Extended Data Figure 2 Pull-down of native nucleosomes and naked DNA by biotinylated PFV intasome.
a, Mono-nucleosomes prepared by micrococcal nuclease digestion of HeLa cell chromatin were incubated with biotinylated intasomes under conditions of indicated ionic strength (190–340 mM NaCl). The intasomes used were wild type (WT), A188D or a hybrid intasome lacking the NTDs and CTDs on the outer subunits (indicated as ΔNTD/ΔCTD; see main text and Extended Data Fig. 6a–c for details of hybrid intasome design). The intasome–nucleosome complexes were isolated on streptavidin agarose and separated by SDS–PAGE. Proteins and nucleosomal DNA were detected by staining with Coomassie blue and GelRed, respectively. Two leftmost lanes contained 50% and 25% of input nucleosomes, as indicated. Migration positions of protein sizes standards (kDa) are shown to the left of the gel. b, Isolation of HeLa nucleosomes preferentially binding to the PFV intasome. Biotinylated wild-type or A188D intasomes were incubated with tenfold excess HeLa nucleosomes in the presence of 290 mM NaCl. Nucleosomal DNA recovered with wild-type intasome was cloned into a bacterial vector; the histogram depicts distribution of nucleosomal insert sizes obtained in this experiment. The inset shows separation of deproteinized nucleosomal DNA from 10% of input nucleosome material and from the fractions recovered with wild-type and A188D intasomes. c, Nucleotide sequences of three human DNA fragments (H04, F02 and D02) recovered with the intasome and used to assemble recombinant nucleosomes in this work. d, Naked W601 D02, F02 or H04 DNA was incubated with biotinylated wild-type or A188D intasomes in the presence of 190 or 240 mM NaCl, as indicated; DNA fractions recovered after pull-down on streptavidin beads were separated by PAGE and detected by staining with GelRed.

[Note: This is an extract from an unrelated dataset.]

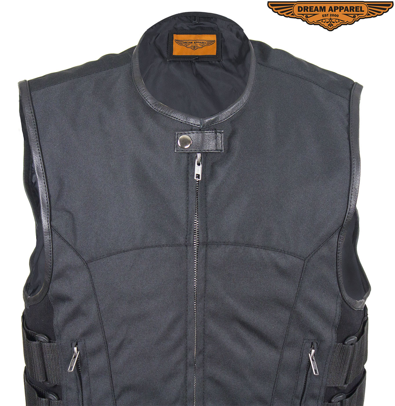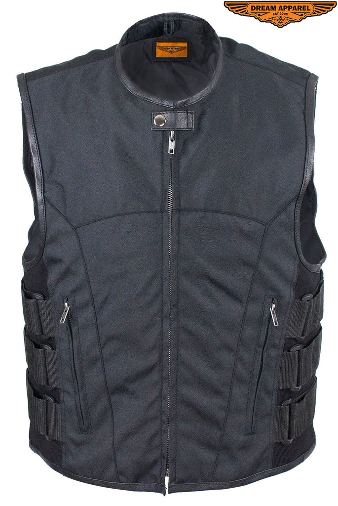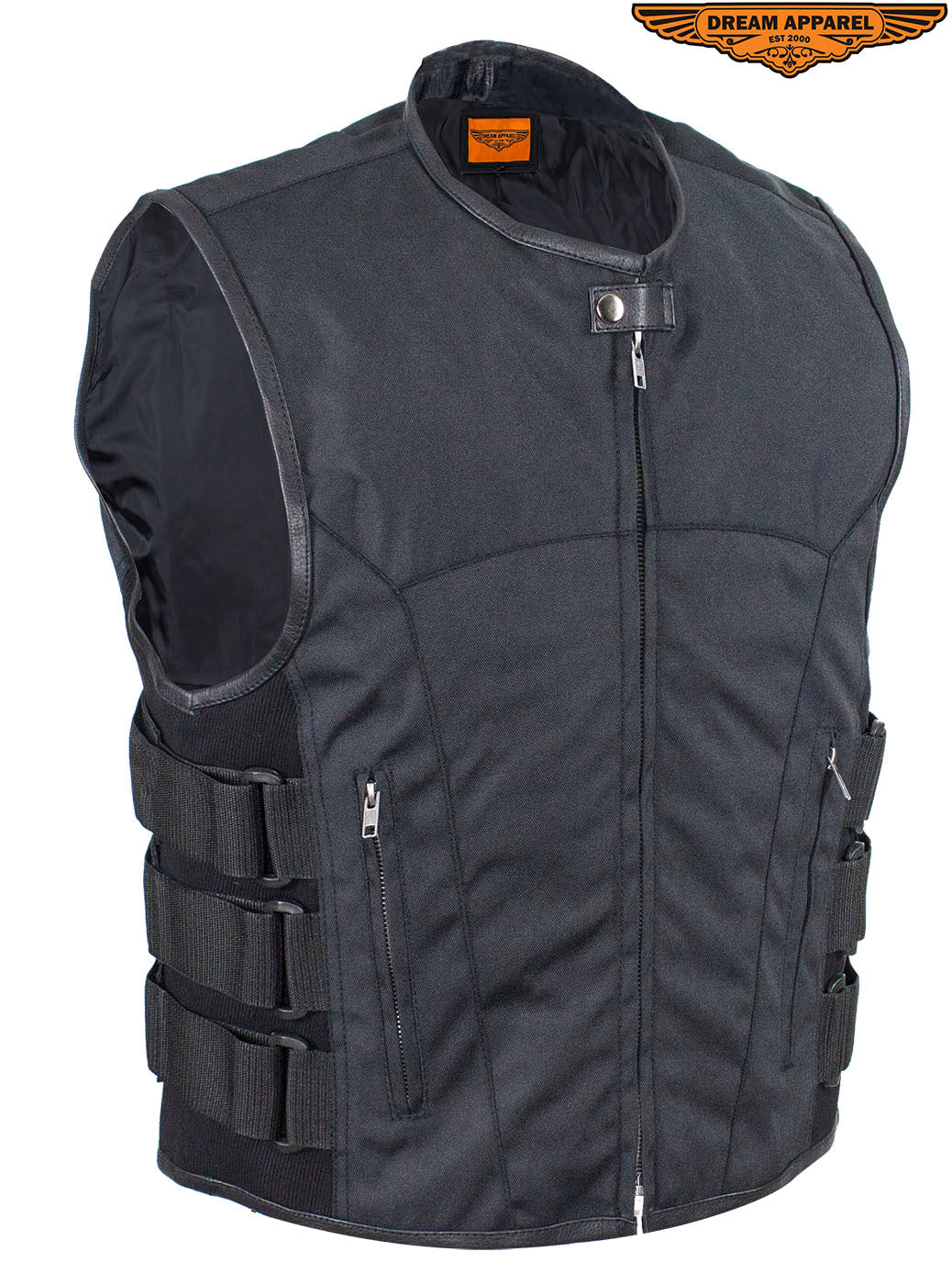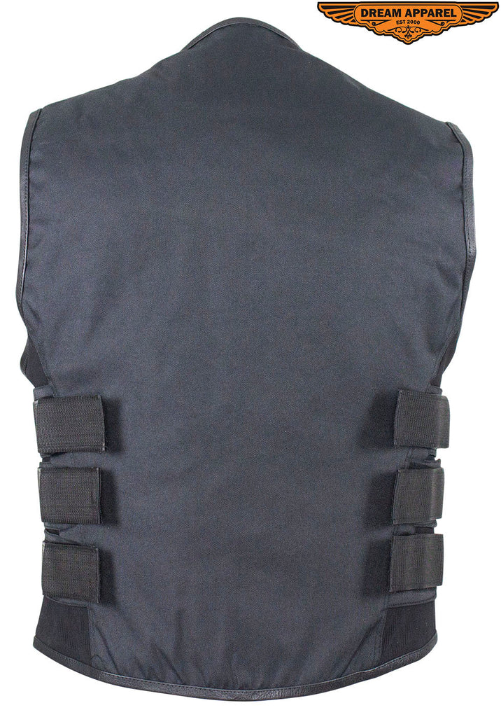 You’re not the type that rides unarmed and Dream Apparel understands. That’s why we’ve made this incredible black textile vest that features two deep concealed gun pockets inside with button snaps and elastic straps, an inside slip pocket, a large interior zippered pocket, and three large adjustable straps on either side you can adjust for comfort. You’ll love how the front zips right up to the single leather buttoned strap at the neck and the two inverted zippered pockets on the waist that let you carry everything else you might need for the ride. Once you transfer your own patches onto the full back panel you’ll wonder how you ever rode without a vest like this.

Extended Data Figure 3 Thermal denaturation of recombinant nucleosomes.
Derivative melt profiles of recombinant nucleosomes used in this study. The table in the inset shows experimentally determined melting temperatures.
Extended Data Figure 4 Overview of the cryo-EM data.
a, Representative micrograph of frozen hydrated intasome–nucleosome complex. b, Two-dimensional class averages (phase-flipped only; box size 26 nm). c, Euler angle distribution of all particles included in the final three-dimensional reconstruction. Sphere size relates to particle number. d, Gold standard Fourier-shell correlation and resolution using the 0.143 criterion. e, Three-dimensional volume of the intasome–nucleosome complex refined with RELION. f, Match between reference-free two-dimensional class averages and three-dimensional re-projections of the cryo-EM structure. Two-dimensional class averages of fully contrast transfer function (CTF)-corrected particles are matched with the re-projections of the refined three-dimensional structure before map sharpening (post-processing); 30–6 Å band-pass filter imposed. g, Overview of the three-dimensional classification and structure refinement. The initial negative stain structure was used for one round of structure refinement using a smaller cryo data set. The resulting map was used as a starting model for one round of three-dimensional classification (three classes) on a complete cryo data set. Particles from the two most populated three-dimensional classes were merged and used for one further round of three-dimensional classification (six classes). Each three-dimensional class was refined independently; the most populated three-dimensional class comprising 53,887 particles refined to 7.8 Å resolution.
Extended Data Figure 5 Nucleosomal DNA plasticity.
Overview of the intasome–nucleosome complex structure (left) and a magnified stereo view of nucleosomal DNA engaged within tDNA binding cleft of the intasome (right). DNA conformations as in free nucleosomes (Protein Data Bank accession 1KX5) and as tDNA in complex with the PFV intasome (3OS1) are shown in light and dark grey, respectively; the arrowhead shows approximate direction of the DNA deformation. Asterisks indicate nucleosomal DNA ends.
Extended Data Figure 6 Hybrid intasomes: structure-based design and validation in vitro.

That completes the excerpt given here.